Pattern decoding - linux

I need a little help in the following. I have this kind of datafile:
0 0 # <--- Group 1 -- 1 house (0) and 1 room (0)
0 0 # <--- Group 2 -- 2 houses (0;1) and 3,2 rooms (0,1,2;0,1)
0 1
0 2
1 0 # <--- house 2 in Group 2, with the first room (0)
1 1 # <--- house 2 in Group 2, with the second room (1)
0 0 # <--- Group 3
0 1 # <--- house 1 in Group 3, with the second room (1)
0 2
0 0 # <--- Group 4
1 0 # <--- house 2 in Group 4, with one room only (0)
2 0
3 0 # <--- house 4 in Group 4, with one room only (0)
0 0 # <--- Group 5
0 0 # <--- Group 6
There are some cases, which have to be answered:
There are groups in the example; there exists a group, if it is separated by new lines from the other, so in this case we have 6 groups. We have to determine the followings
Get the actual number (ordinal number) of the group (the counter starts for example from 1)
if the 1st column = 0 and the 2nd column = 0 and the next line is empty
So the desired output according to the above example would be
1
5
6
if the first column = 0 and the 2nd column can vary and the next line is empty
So the desired output according to the above example would be
3
... etc. How can this be generalized in a way that we can set at the beginning which case would we like to get ?
There might be many cases according to the values of the columns in a group.
We can imagine this if we think about something like this: the first column means the number of houses in a street, and the second column means the number of rooms in a house. Now I would like to find all possible kind of streets in a city, which means for example
let us pick up those streets, in which there are two houses with different number of rooms, in the first house there are 3 rooms, and in the second house there are 2 rooms.
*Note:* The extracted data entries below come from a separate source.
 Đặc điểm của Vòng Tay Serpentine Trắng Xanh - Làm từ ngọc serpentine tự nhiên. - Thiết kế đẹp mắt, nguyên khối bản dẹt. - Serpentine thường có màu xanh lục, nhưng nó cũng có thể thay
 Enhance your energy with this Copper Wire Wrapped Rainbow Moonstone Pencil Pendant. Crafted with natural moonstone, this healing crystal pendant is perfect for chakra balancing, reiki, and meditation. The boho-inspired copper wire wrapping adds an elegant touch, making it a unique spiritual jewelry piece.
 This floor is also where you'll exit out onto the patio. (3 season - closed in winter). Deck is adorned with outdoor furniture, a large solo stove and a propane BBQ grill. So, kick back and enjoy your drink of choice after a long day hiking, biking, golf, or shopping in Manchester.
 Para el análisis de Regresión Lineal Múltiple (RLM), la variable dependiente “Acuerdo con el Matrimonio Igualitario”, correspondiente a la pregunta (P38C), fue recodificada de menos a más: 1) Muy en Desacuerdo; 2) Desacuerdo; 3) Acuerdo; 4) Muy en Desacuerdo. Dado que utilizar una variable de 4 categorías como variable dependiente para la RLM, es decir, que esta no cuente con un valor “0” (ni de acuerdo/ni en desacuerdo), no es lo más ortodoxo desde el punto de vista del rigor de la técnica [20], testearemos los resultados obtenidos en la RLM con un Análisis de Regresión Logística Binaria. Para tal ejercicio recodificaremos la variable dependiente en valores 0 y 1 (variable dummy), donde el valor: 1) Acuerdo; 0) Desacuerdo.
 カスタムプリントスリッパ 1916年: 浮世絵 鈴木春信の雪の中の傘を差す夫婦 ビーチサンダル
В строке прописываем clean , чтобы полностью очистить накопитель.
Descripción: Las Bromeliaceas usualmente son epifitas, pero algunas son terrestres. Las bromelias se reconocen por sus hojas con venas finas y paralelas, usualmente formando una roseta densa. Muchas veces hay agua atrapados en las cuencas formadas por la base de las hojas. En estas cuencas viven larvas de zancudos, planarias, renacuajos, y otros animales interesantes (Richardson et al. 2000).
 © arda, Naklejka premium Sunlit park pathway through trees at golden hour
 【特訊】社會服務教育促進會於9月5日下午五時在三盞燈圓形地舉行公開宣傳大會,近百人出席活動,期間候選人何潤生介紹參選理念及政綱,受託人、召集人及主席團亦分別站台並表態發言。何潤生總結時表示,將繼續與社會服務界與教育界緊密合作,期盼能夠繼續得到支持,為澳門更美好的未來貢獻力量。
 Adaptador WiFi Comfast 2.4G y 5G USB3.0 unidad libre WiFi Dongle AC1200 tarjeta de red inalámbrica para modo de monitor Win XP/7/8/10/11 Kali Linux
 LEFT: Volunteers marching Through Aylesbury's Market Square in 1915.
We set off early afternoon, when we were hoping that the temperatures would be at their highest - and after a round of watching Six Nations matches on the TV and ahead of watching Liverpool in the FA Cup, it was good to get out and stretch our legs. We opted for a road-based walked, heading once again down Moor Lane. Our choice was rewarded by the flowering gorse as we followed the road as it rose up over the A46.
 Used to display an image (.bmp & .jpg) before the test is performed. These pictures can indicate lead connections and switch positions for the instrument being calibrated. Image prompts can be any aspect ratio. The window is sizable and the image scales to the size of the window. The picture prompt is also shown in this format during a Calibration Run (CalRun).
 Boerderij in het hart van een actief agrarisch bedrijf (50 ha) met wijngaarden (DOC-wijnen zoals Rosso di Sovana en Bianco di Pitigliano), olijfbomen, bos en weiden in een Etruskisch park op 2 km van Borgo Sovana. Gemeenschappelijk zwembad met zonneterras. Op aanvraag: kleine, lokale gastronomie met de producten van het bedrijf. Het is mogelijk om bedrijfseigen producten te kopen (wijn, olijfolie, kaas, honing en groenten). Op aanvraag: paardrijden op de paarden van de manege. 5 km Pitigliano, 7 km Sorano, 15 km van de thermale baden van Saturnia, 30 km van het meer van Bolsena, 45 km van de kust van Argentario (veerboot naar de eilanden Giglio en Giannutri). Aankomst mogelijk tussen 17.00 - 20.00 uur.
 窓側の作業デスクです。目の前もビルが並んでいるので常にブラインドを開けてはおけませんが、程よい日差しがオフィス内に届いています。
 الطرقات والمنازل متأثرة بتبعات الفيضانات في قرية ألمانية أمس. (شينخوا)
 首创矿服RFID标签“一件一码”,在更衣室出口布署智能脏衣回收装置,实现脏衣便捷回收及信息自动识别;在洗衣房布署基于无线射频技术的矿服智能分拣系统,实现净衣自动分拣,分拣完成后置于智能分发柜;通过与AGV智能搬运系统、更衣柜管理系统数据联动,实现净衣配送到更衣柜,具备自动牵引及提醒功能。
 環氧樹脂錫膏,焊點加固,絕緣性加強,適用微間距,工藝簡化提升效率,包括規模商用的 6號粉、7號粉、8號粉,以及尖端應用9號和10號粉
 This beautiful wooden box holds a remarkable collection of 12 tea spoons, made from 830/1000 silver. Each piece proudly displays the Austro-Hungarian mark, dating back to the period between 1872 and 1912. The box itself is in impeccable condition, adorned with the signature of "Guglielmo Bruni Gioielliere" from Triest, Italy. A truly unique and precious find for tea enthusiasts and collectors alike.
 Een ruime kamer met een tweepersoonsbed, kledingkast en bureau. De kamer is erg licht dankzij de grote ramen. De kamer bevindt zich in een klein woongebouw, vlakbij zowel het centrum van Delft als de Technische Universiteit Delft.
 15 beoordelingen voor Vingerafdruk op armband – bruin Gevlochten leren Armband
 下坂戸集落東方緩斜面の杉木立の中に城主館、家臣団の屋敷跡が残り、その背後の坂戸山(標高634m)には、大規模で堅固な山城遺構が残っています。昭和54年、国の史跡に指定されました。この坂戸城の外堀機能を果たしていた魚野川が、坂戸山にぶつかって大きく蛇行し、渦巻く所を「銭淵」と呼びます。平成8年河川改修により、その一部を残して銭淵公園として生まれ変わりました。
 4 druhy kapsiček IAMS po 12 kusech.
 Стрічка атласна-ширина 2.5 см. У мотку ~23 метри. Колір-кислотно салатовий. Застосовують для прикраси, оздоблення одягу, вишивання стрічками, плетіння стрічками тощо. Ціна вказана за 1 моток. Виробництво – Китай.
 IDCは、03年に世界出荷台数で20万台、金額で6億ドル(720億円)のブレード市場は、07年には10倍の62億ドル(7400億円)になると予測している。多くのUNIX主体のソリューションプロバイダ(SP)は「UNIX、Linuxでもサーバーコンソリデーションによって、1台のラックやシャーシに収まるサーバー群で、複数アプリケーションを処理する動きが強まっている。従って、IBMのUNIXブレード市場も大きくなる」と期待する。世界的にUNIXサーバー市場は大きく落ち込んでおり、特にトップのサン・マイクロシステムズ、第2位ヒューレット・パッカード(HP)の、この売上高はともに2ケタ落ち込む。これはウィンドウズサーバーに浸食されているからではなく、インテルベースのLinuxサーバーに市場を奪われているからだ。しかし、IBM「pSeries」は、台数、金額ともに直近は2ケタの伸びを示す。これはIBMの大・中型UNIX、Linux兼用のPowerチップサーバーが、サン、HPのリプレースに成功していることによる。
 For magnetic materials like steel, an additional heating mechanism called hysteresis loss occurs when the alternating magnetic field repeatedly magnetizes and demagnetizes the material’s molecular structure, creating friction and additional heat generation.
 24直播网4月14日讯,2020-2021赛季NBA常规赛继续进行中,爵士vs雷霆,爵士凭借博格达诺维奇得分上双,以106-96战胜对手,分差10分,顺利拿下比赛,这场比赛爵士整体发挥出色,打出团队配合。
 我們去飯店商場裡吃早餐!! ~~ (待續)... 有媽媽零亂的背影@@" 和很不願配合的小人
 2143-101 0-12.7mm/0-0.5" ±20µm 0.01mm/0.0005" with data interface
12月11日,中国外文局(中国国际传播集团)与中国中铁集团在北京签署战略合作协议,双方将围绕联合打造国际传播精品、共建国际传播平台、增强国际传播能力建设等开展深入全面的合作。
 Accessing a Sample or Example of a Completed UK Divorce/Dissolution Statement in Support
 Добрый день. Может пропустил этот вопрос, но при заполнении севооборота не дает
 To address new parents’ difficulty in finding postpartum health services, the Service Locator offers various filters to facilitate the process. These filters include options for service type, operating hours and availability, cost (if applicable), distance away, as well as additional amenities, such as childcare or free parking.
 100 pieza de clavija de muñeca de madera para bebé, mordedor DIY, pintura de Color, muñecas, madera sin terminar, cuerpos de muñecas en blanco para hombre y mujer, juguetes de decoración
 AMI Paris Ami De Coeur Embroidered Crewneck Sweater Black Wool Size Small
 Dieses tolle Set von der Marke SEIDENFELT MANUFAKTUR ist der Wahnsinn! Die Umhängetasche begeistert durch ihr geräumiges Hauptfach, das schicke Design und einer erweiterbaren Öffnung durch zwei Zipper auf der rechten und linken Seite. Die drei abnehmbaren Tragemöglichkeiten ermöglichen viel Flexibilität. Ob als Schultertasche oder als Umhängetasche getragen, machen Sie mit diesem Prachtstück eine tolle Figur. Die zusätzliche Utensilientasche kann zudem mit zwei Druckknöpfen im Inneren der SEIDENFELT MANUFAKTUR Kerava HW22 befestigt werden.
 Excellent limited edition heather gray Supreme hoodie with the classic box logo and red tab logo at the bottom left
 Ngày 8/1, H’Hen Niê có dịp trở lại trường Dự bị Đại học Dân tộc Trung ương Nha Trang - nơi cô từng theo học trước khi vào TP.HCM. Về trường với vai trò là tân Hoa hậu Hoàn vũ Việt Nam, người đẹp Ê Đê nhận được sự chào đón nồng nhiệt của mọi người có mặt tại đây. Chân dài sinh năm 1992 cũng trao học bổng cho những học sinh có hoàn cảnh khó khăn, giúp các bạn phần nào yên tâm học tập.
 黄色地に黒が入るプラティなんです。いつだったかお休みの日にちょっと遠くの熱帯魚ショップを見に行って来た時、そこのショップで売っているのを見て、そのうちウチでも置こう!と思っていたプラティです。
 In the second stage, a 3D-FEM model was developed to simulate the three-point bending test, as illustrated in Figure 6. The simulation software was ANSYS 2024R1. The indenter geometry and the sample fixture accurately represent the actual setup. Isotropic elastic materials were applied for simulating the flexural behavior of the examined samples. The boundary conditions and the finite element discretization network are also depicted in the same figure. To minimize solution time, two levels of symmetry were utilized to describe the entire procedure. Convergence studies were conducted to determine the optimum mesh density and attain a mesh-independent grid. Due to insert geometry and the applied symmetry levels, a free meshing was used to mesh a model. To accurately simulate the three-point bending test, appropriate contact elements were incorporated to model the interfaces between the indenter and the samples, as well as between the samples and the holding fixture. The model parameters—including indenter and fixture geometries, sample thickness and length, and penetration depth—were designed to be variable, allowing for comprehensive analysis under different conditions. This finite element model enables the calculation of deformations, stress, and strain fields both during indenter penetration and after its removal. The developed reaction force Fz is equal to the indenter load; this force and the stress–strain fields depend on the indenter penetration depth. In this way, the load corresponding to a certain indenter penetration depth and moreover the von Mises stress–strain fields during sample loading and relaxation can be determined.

So we have the get output 2, becasue this requirement fulfills this group in the file
0 0
0 1
0 2
1 0
1 1
Important: 0 0 means there is one house with one room
Correction: if there is one house only, then it has just one room all the time! Like in the cases Group 1, Group 5, and Group 6. Remember, that the second column is the number of room, and 0 mean "1 room", 1 means "2 rooms", ...etc. This is just a counter which starts from 0, instead of 1, sorry if it is confusing a little bit...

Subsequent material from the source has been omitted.